EXERCISE GOAL
Down to the final line, write out the material beneath exactly, without pictures.

RECORDED DATA
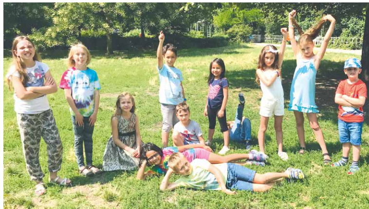
■ Učení může být zábava.
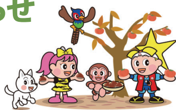
岡山県マスコット「ももっち・うらっちと仲間たち」

今回は「さつまいも」を紹介します。収穫は8~11月頃ですが、2~3カ月貯蔵して、余分な水分を逃がしてからのほうが甘みが増してホクホクとした食感になるため、10~1月頃が旬となります。

YOUR SOLUTION
■ Učení může být zábava.
岡山県マスコット「ももっち・うらっちと仲間たち」

今回は「さつまいも」を紹介します。収穫は8~11月頃ですが、2~3カ月貯蔵して、余分な水分を逃がしてからのほうが甘みが増してホクホクとした食感になるため、10~1月頃が旬となります。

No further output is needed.